§ **Task to carry out**: Please repeat exactly, and only, the lines from the one containing "- 테라폼 공식 레지스트리에서" through the end of the records below, with no pictures.

[[ Data shown open ]]

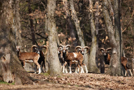 Flock of male European mouflons in oak forest
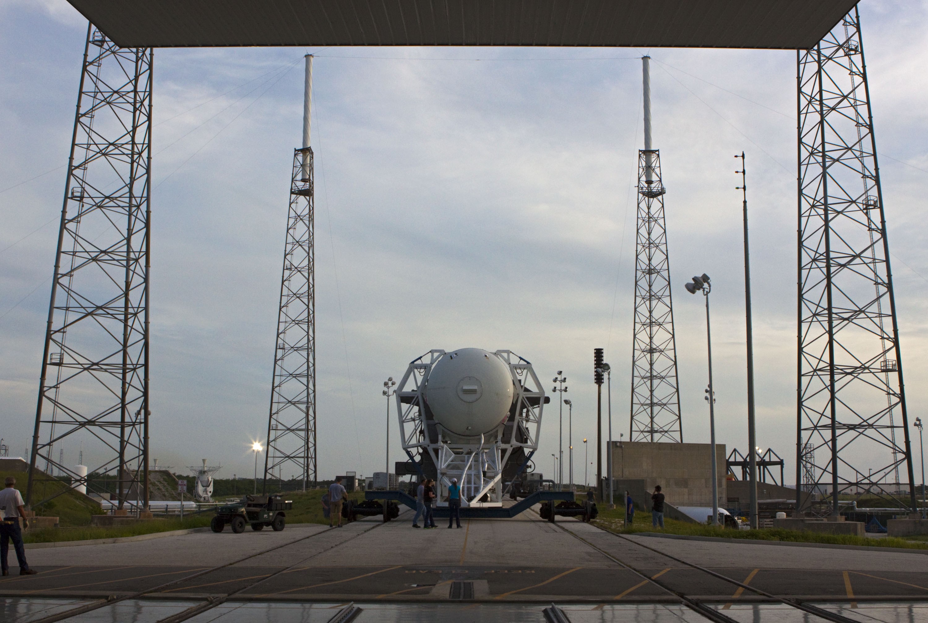 CAPE CANAVERAL, Fla. -- The Space Exploration Technologies, or SpaceX, Falcon 9 rocket rolls out of its processing hangar toward Space Launch Complex 40 at Cape Canaveral Air Force Station in Florida for a wet dress rehearsal. During the rehearsal, the rocket will be fully fueled and launch controllers will perform a countdown demonstration. The rehearsal is in preparation for the company's first Commercial Resupply Services, or CRS, mission to the International Space Station aboard the Dragon capsule. The SpaceX CRS contract with NASA provides for 12 cargo resupply missions to the station through 2015, the first of which is targeted to launch in October 2012.SpaceX became the first private company to berth a spacecraft with the space station in 2012 during its final demonstration flight under the Commercial Orbital Transportation Services, or COTS, program managed by NASA's Johnson Space Center in Houston. Photo credit: NASA/Jim Grossmann
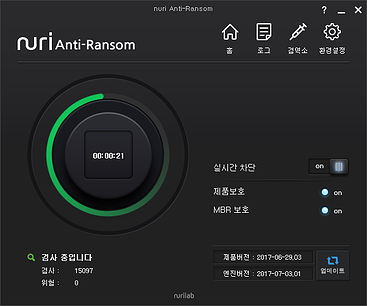 * 랜섬웨어 악성코드 공격으로 부터 nuri Anti-Ransom의 구성 파일 삭제 및 프로세스 종료가 되지 않도록 보호하는 기능.
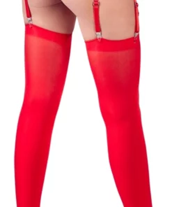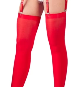 Do zestawu dołączono rownież dopasowane, czerwone pończochy, tworzące spojną i efektowną całość. Uniwersalny design umożliwia łączenie kompletu z rożnymi stylizacjami, zarowno codziennymi, jak i okazjonalnymi.
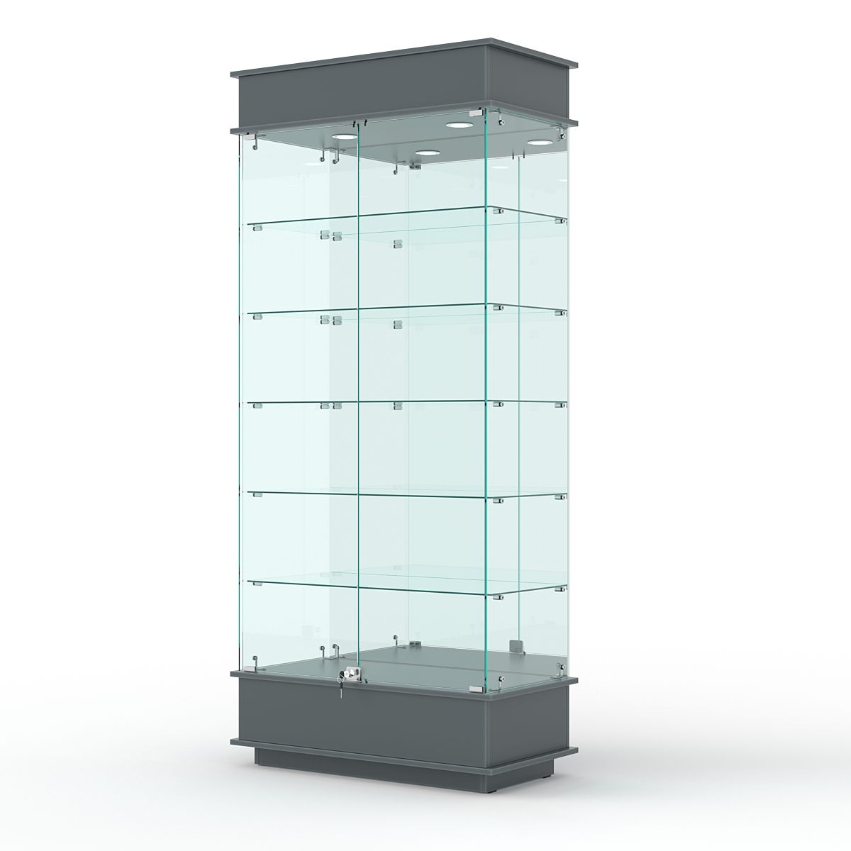 Конструкция включает пять стеклянных полок и подиум из ЛДСП. Задняя стенка — зеркало. Корпус оборудован распашными дверцами с замком. В верхнем фризе имеется подсветка.
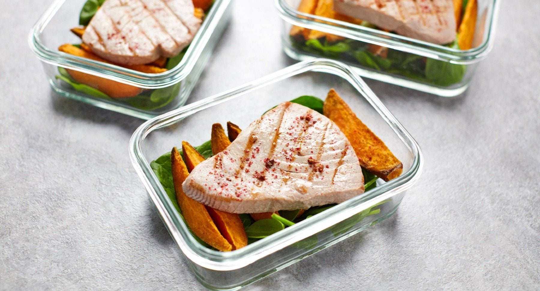 - Prepare your meal prep boxes with a bed of salad or spinach leaves, then divide up the sweet potato wedges and finally add a tuna steak. Sprinkle the steak with crushed pink peppercorns and serve with a lemon wedge.
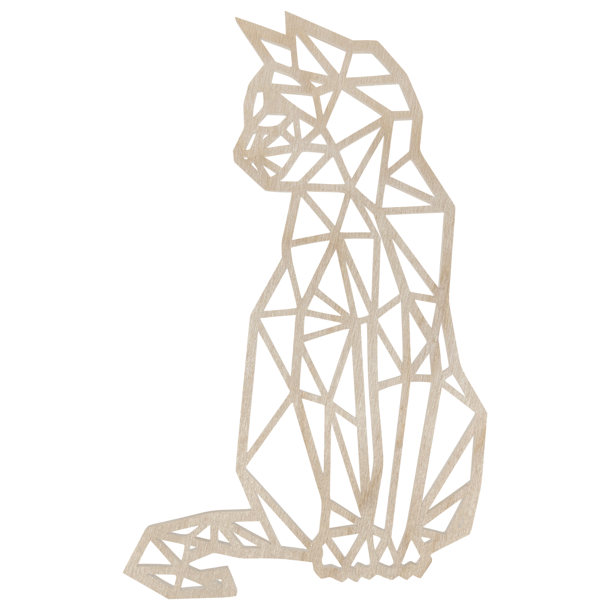 Kot geometryczny z drewna sklejki. Jego sylwetka jest elegancka i smukła, z delikatnie zaznaczonymi uszami, łapami i ogonem. Sklejka, z której wykonano kota, ma naturalną fakturę drewna, co nadaje całej kompozycji rustykalny i przytulny charakter. Kot ma minimalistyczny, ale wyrazisty kształt, który sprawia, że jest on idealnym dekoracyjnym akcentem na ścianę, wpasowującym się zarówno w nowoczesne, jak i klasyczne wnętrza.
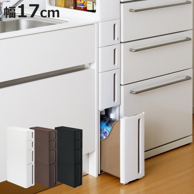隙間収納 ストランティ ドロアーC 4段 17cm プラスチック製 コロ付き 完成品 ( キッチン 収納 すき間収納 引き出し 隙間 キッチン収納 引出し 幅17cm 収納ストッカー キッチン収納 キッチン すきま収納)
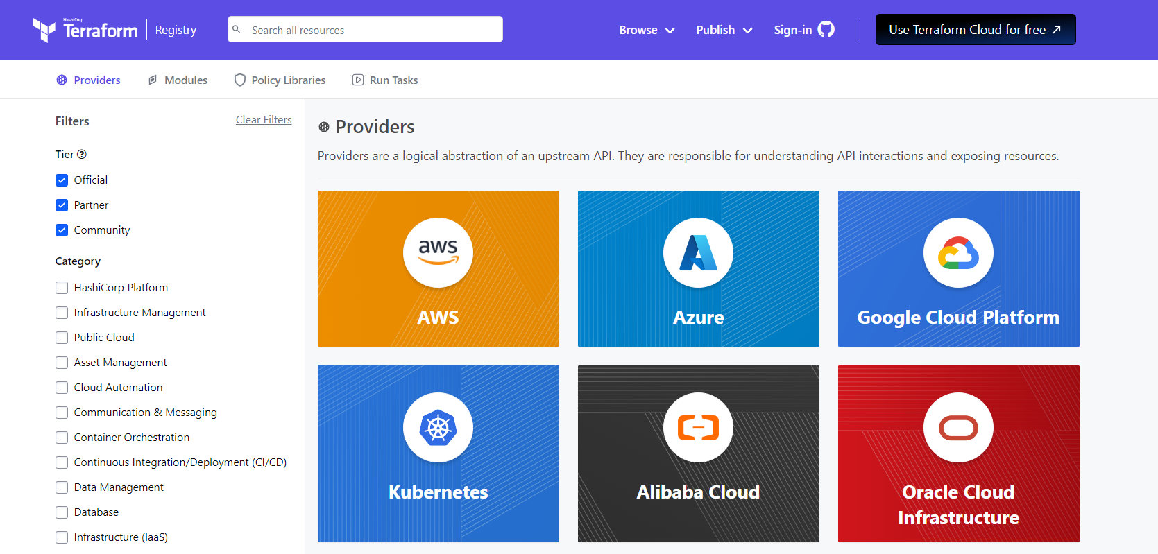 - 테라폼 공식 레지스트리에서 AWS, Azure, GCP, NCloud 등 수천 개 이상의 Provider를 제공하고 있습니다.
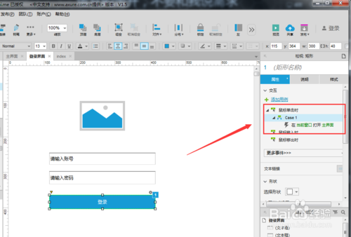 添加事件需要先點(diǎn)擊你要添加事件操作的組件,然后再點(diǎn)擊屏幕右上方的屬性窗口,然后你就可以看到有很多種事件操作,有鼠標(biāo)單擊、鼠標(biāo)移入、鼠標(biāo)移出:
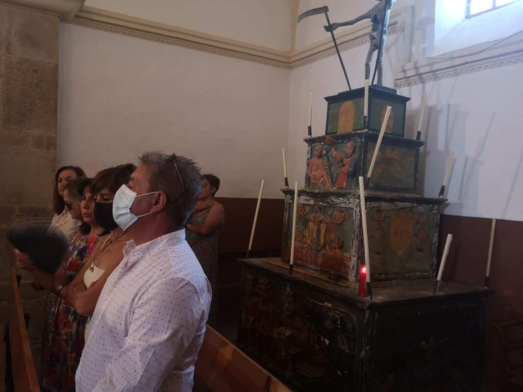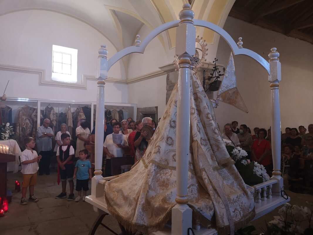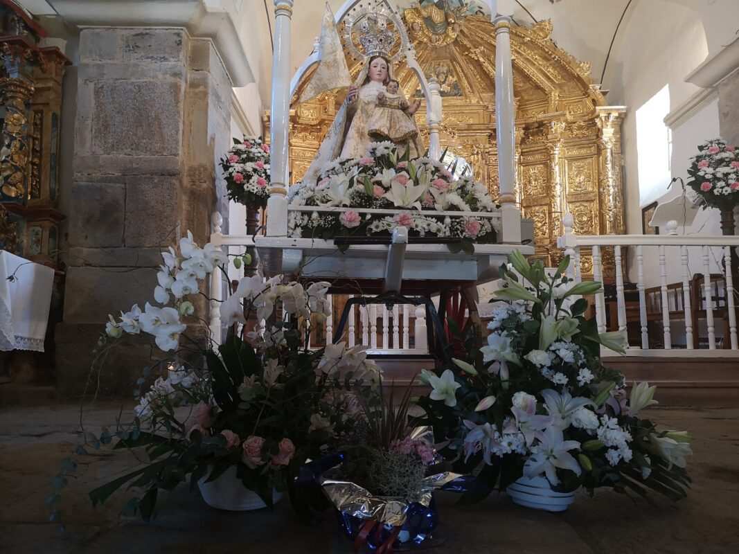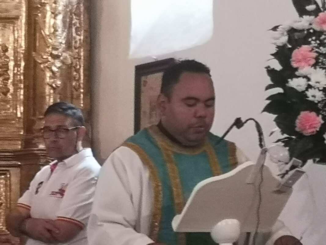 A la entrada del templo mariano los pendones formaron un pasillo para homenajear a los guardianes de la antigua tradición y dar así comienzo a la celebración de la misa en honor a la Señora, oficiada por Cristopher José Vàsquez.
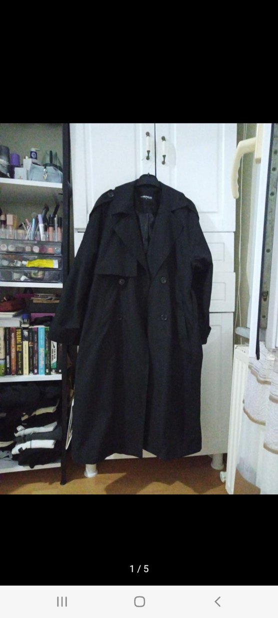 Siyah uzun kadın kaban, rahat kesimi ve notç yaka detayıyla, yumuşak ve sıcak kumaştan üretilmiştir. Uzun kollu ve desensiz tasarımıyla zahmetsiz şıklık sunar.
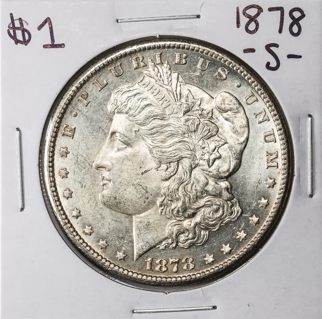 One 1878-S $1 Morgan Silver Dollar Coin.
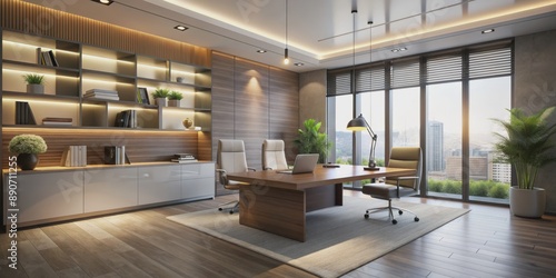 Modern Office Interior Design with Wooden Desk, City View, and Bookshelves, interior design, office space, modern office, office interior

[[ Data shown closed ]]

§ **Solution below**:
 - 테라폼 공식 레지스트리에서 AWS, Azure, GCP, NCloud 등 수천 개 이상의 Provider를 제공하고 있습니다.
 添加事件需要先點(diǎn)擊你要添加事件操作的組件,然后再點(diǎn)擊屏幕右上方的屬性窗口,然后你就可以看到有很多種事件操作,有鼠標(biāo)單擊、鼠標(biāo)移入、鼠標(biāo)移出:
 A la entrada del templo mariano los pendones formaron un pasillo para homenajear a los guardianes de la antigua tradición y dar así comienzo a la celebración de la misa en honor a la Señora, oficiada por Cristopher José Vàsquez.
 Siyah uzun kadın kaban, rahat kesimi ve notç yaka detayıyla, yumuşak ve sıcak kumaştan üretilmiştir. Uzun kollu ve desensiz tasarımıyla zahmetsiz şıklık sunar.
 One 1878-S $1 Morgan Silver Dollar Coin.
 Modern Office Interior Design with Wooden Desk, City View, and Bookshelves, interior design, office space, modern office, office interior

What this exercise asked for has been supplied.